┌──

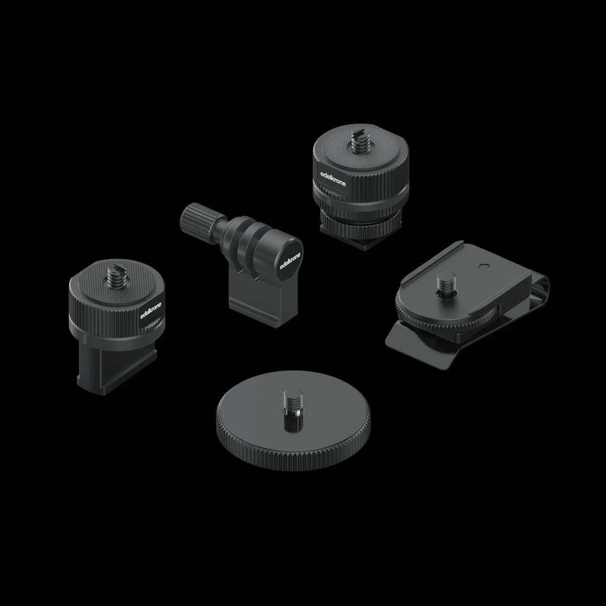 The EdelKrone PhoneCLIP KIT is an ultra-compact, all-aluminum mounting system for phones, action cameras, and lightweight gear. Featuring modular adapters and versatile mounts, it lets you attach your devices to hats, metal surfaces, cold shoes, tripods, or camera rigs—delivering professional durability, flexibility, and portability in a pocket-sized package.
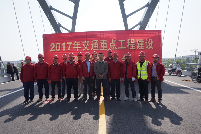 江海西大桥东西向横跨连申线航道(海安如海运河段),是进入海安市区的交通大动脉,桥梁全长522米,宽16.5米,主桥是钢结构蝴蝶拱景观桥。自2016年5月1日开工建设以来,连申线(海安段)桥梁二期工程项目部以先进的管理理念、科学的现场布局、规范的项目管理、一流的工程质量,顺利实现了江海西大桥项目建设的各个节点目标,为海安县人民打造出一流精品工程。它的顺利通车,不仅改善了主城区与高新区西部和海安西部区镇的交通条件,而且提升了海安县城形象和品位,助推经济社会事业发展。
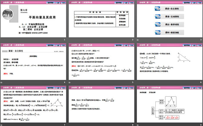 关键词:高中人教A版数学必修二PPT课件免费下载,平面向量的应用PPT下载,平面向量及其应用PPT下载,正弦定理PPT下载,.PPT格式;
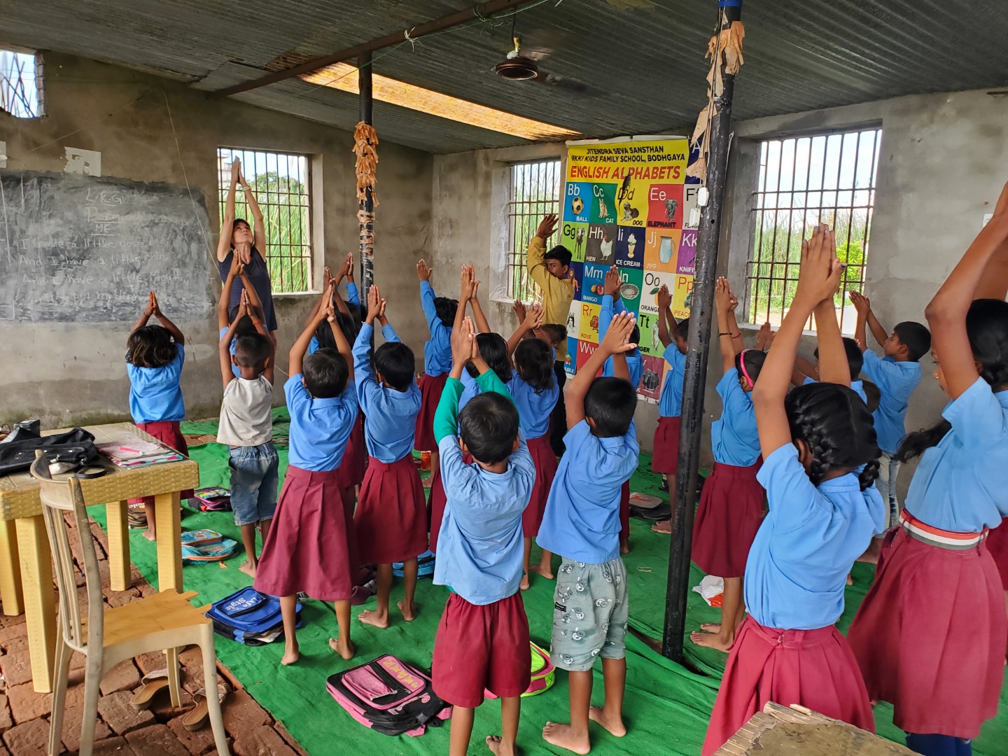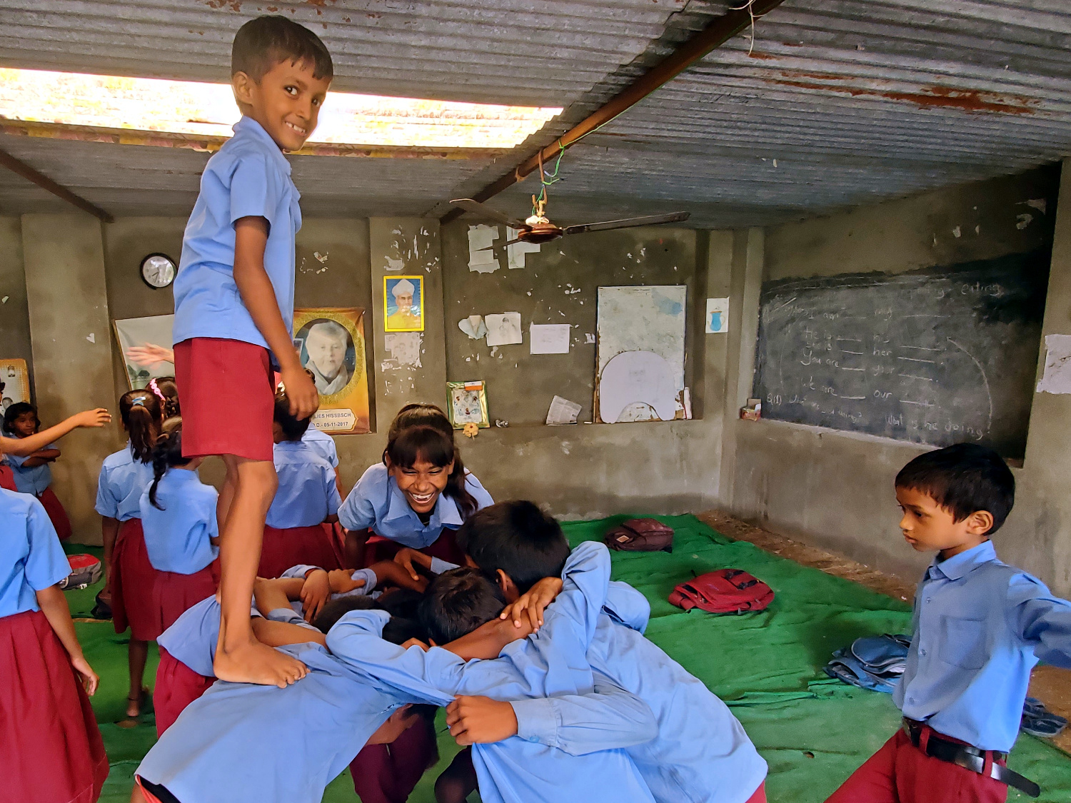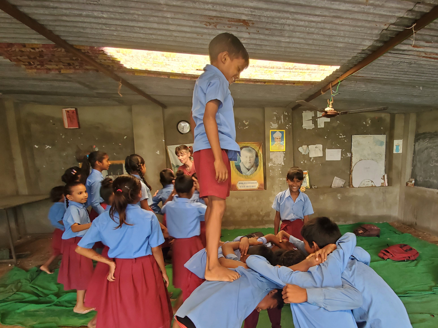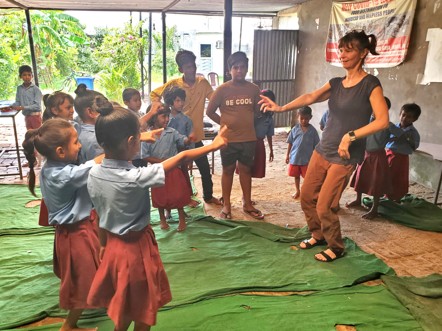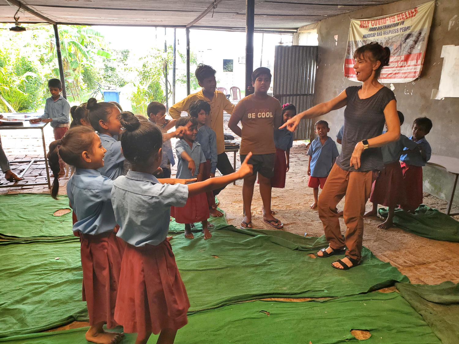 On the first day, we did little more than observe. But on the second day, we started teaching sessions with both groups, leading them in English exercises, theatre games, tai chi (Dennis) and yoga (Kimberly) — the irony was not lost on us of Americans teaching yoga to students in India.
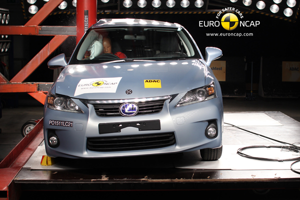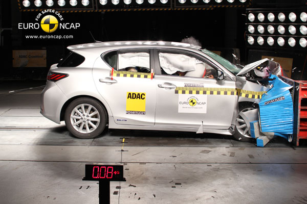 歐盟Euro NCAP日前發布歐洲新車安全碰撞測試結果,Lexus CT 200h獲得最高級別之五顆星成績。該車在正面撞擊、側面撞擊及側柱撞擊中,對成人的有效保護效率達到94%;而在對兒童安全保護的測試中,有效保護效率達到84%。針對行人安全保護方面,CT 200h的前保險桿對行人腿部安全的防護,更取得NCAP最高級分。故綜合成績以總分83分獲得5顆星的最高評價。
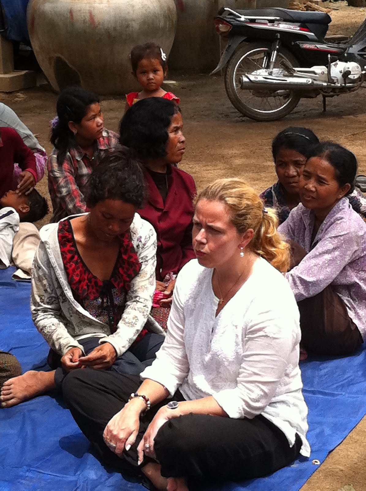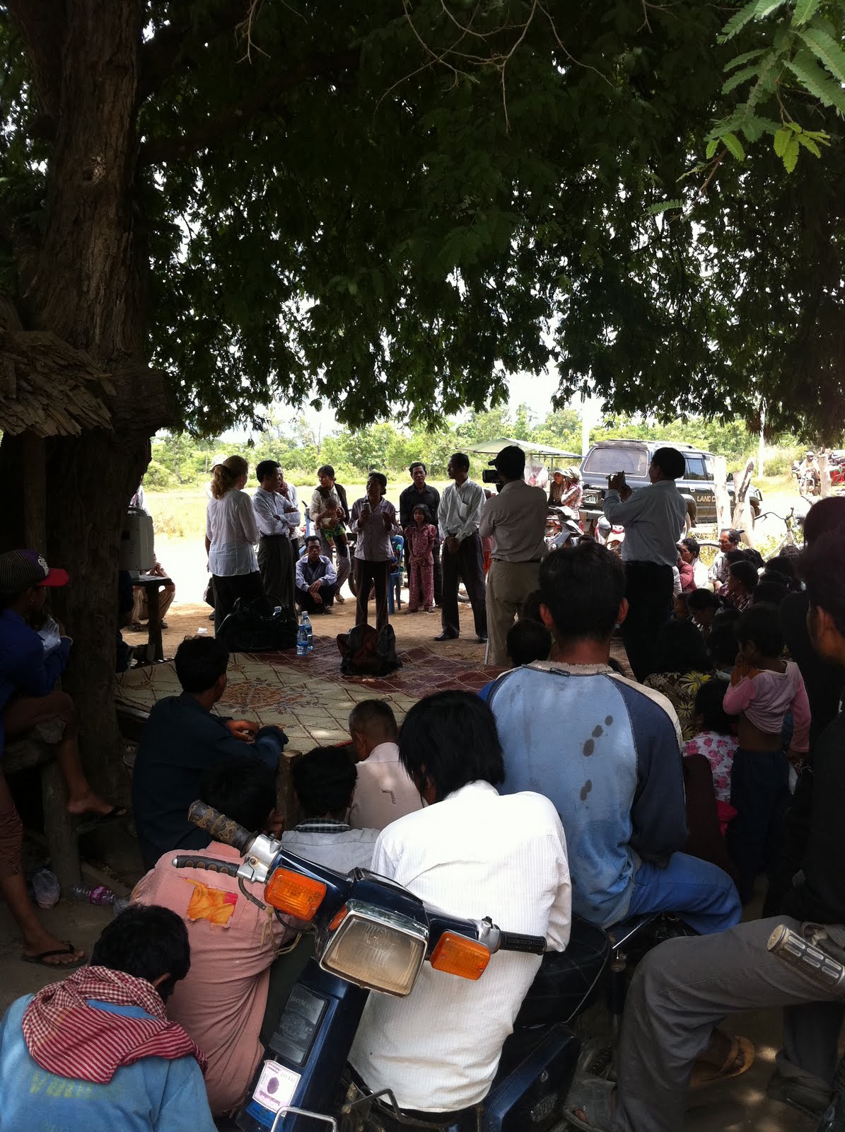 Från Phnom Penh åkte vi i jeepar ca tre timmar genom landsbygden för att komma fram till Kompong Speu. Synen som mötte där kommer jag nog aldrig att få bort från näthinnan. På marken satt ett hundratal personer som kommit för att möta mig. Sochua kunde av hänsyn till byborna inte vara med vid detta möte, eftersom hon var rädd att de skulle kunna utsättas för repressalier från regeringspartiet och dess korrupta ledning. Repressalier är just vad den man som höll i mötet utsatts för. Han har förföljts, fängslats och behandlats fruktansvärt brutalt av regeringspartiet. Ändå hör det till historien att han var medlem av detta parti, CPP (Cambodian Peoples Party) och var ungefär ”kommunstyrelsens ordförande” under flera år. Men när sockerbolagen började med sin av regeringen understödda konfiskering av fattiga människors små jordplättar, då protesterade han. Man berättade för mig hur människor från hans by stöttat honom genom att i veckor GÅ till huvudstaden för att visa honom sitt stöd! Nu mötte han mig och vi talade med alla bybor som samlats.
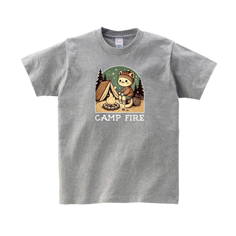 Tシャツ 半袖 キャンプ キャンプファイヤー アウトドア 焚き火 猫 ねこ ソロキャンプ CAMP リンクコーデ グッズ オリジナル デザイン メンズ レディース キッズ [ 5.6オンス 厚手 綿100% 豊富なカラー 長持ち 肌触り良い 天然素材] コットン シャツ 白 黒 アウトドア
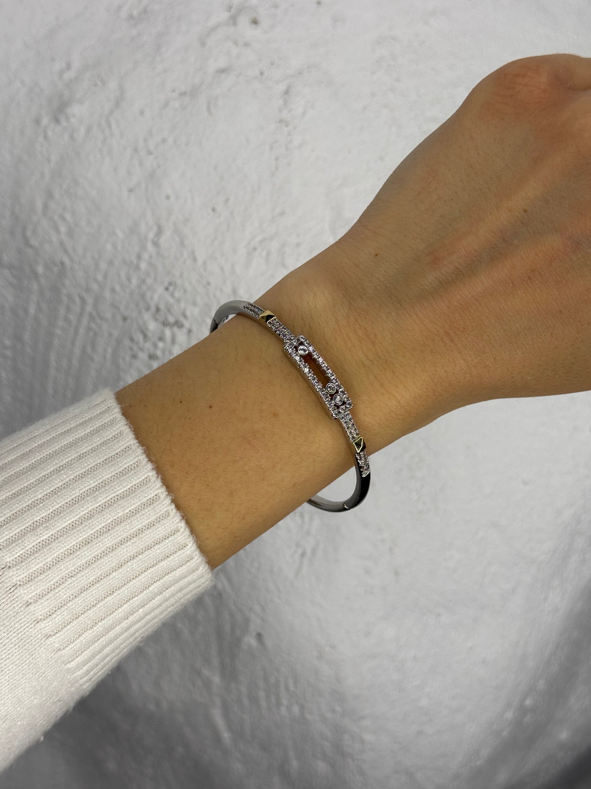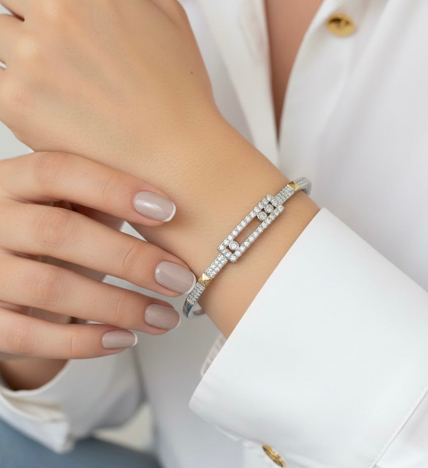 Μια χειροπέδα που χαράζει μια καθαρή, φωτεινή γραμμή πάνω στον καρπό. Η διπλή σειρά από κρυστάλλους και οι χρυσές λεπτομέρειες δημιουργούν ένα refined αποτέλεσμα που αποπνέει διακριτική πολυτέλεια. Είναι το κόσμημα που “μιλάει” χαμηλόφωνα αλλά ξεκάθαρα, αυστηρή κομψότητα, premium αισθητική, zero effort.
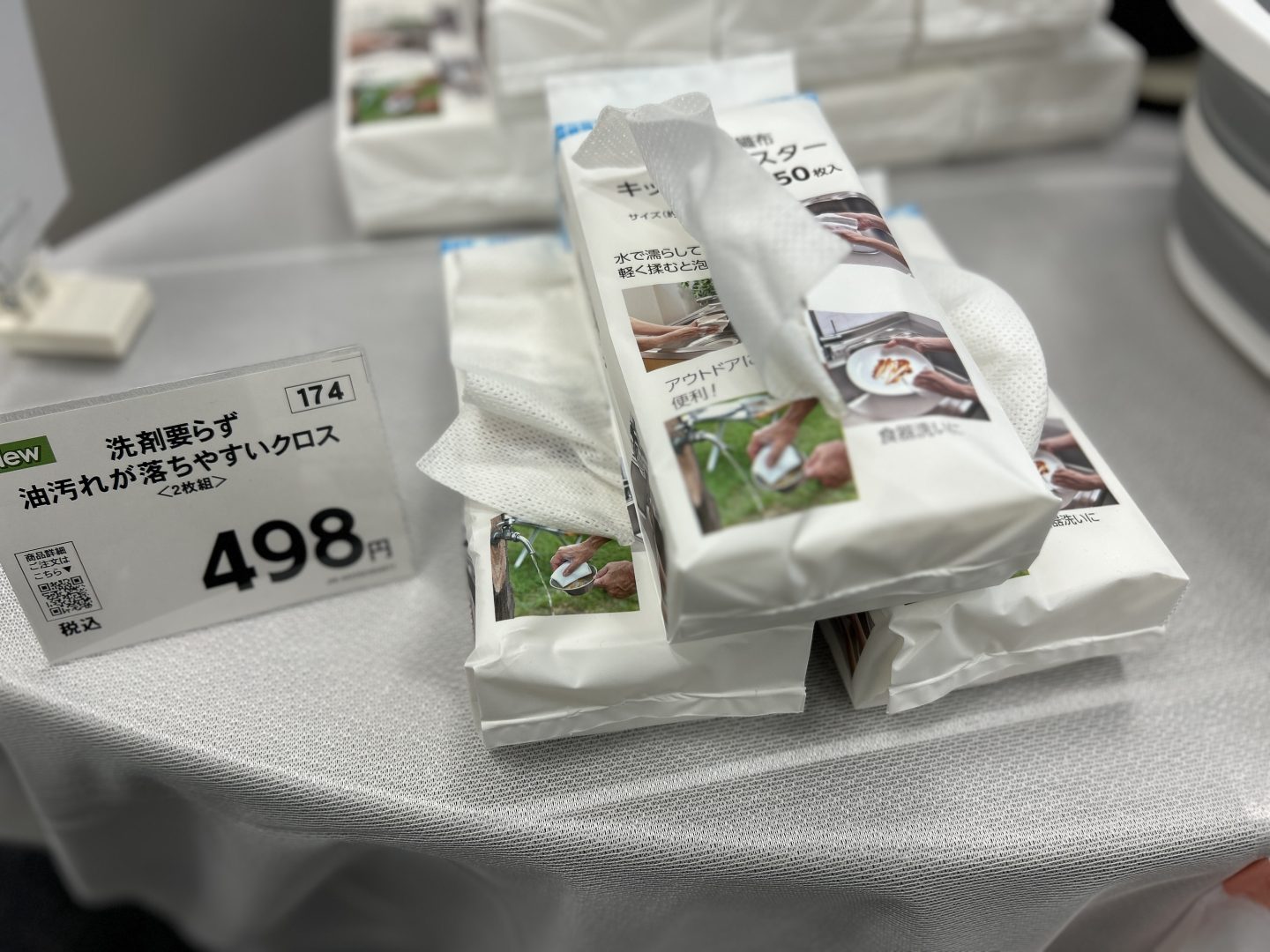 こちらもL’CRESTの商品で、水にぬらすだけで泡立つ中性洗剤付きの使い捨て不織布です。中性洗剤がなくても食器類をしっかり洗うことができるので、アウトドアシーンなどに大活躍しますよね。あとは説明を聞いてなるほど、と思ったのは「スポンジを知らない人と共有したくない人にオススメ」という点。例えばオフィスのキッチンで食器やお弁当箱を洗う際、誰が使ったのかよくわからないスポンジを使うのはちょっと抵抗がある。そんな時、これが備え付けられていれば、すごくうれしいと思います。
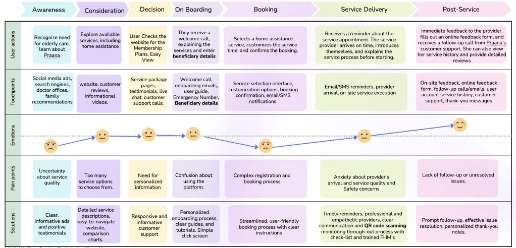 booking a service through Praana’s Elderly App, highlighting their actions, emotions, pain
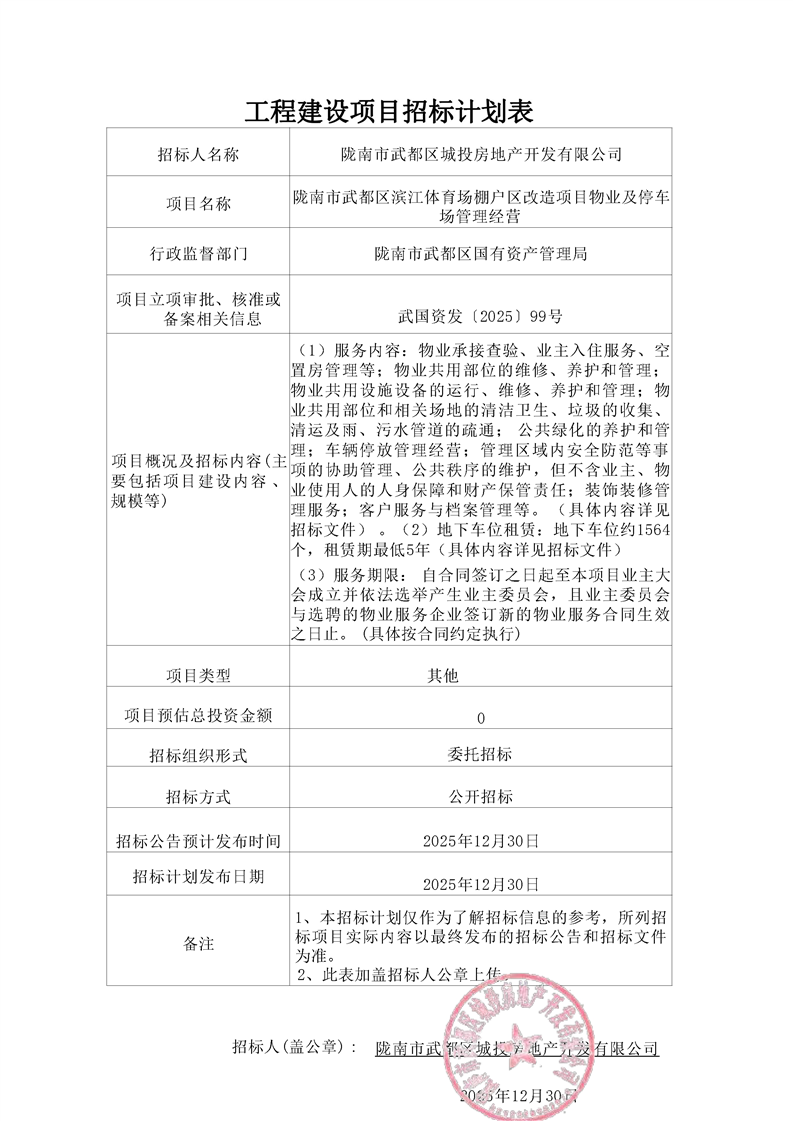 隴南市武都區(qū)濱江體育場(chǎng)棚戶區(qū)改造項(xiàng)目物業(yè)及停車場(chǎng)管理經(jīng)營(yíng)
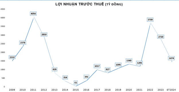 Biến động lợi nhuận của Eximbank trong 15 năm qua. |
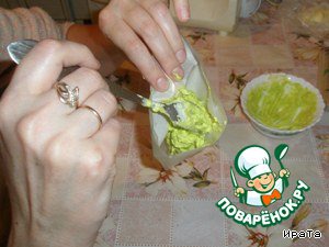 для листиков и стебля зелёный крем закладываю в бумажный корнетик.
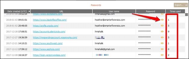 Here is an example of what Chrome stores for us. In addition to the normal browser history, Chrome keeps track of all the passwords you ask it to �save� for you. Above, we can see several of my usernames and passwords. To see the password, simply click on the eye! Nothing else is needed to view these. The times used shows how frequently I used Chrome to log into something without me having to enter my credentials manually. Scary, right? But amazing for the investigations we work! Remember, humans are creatures of habit. We love to reuse passwords. Keep a running list of passwords for the case you are working, as you never know when they will enable access to other data of interest.
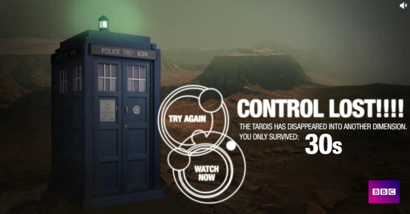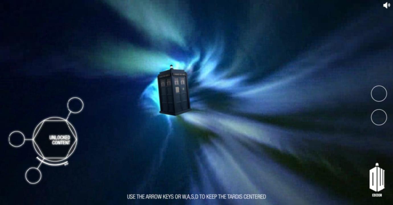We're probably crashing, so put your piloting skills to the test. Use your keyboard to fly the Tardis through the vortex to London, unlocking some clips along the way. This game is best played on a desktop computer. Just one question: do you happen to know how to fly this thing?
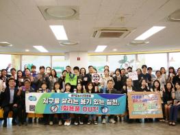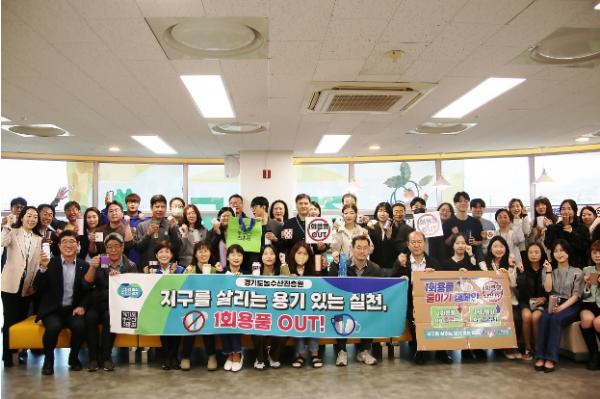 [한국뉴스타임=편집국] 경기도농수산진흥원은 21일부터 27일까지 기후변화 주간을 기념해, 전 직원이 참여한 1회용품 사용 줄이기 실천 서약식을 비롯해 ‘지구를 살리는 용기 있는 실천, 1회용품 OUT!’ 캠페인을 19일 진행했다.
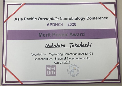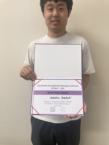 本研究科 博士後期課程 3年次 高橋伸碩さん(総合理工学専攻 生命科学領域)が、国際会議『4th Asia-Pacific Drosophila Neurobiology Conference/ APDNC4)』 において、優秀ポスター賞 (Merit Poster Award) を受賞しました。

└──

» Activity: For this task, return exactly the stretch of the listing above from the line with "こちらもL’CRESTの商品" through the line with "booking a service", inclusive and without pictures.

» Task solution:
 こちらもL’CRESTの商品で、水にぬらすだけで泡立つ中性洗剤付きの使い捨て不織布です。中性洗剤がなくても食器類をしっかり洗うことができるので、アウトドアシーンなどに大活躍しますよね。あとは説明を聞いてなるほど、と思ったのは「スポンジを知らない人と共有したくない人にオススメ」という点。例えばオフィスのキッチンで食器やお弁当箱を洗う際、誰が使ったのかよくわからないスポンジを使うのはちょっと抵抗がある。そんな時、これが備え付けられていれば、すごくうれしいと思います。
 booking a service through Praana’s Elderly App, highlighting their actions, emotions, pain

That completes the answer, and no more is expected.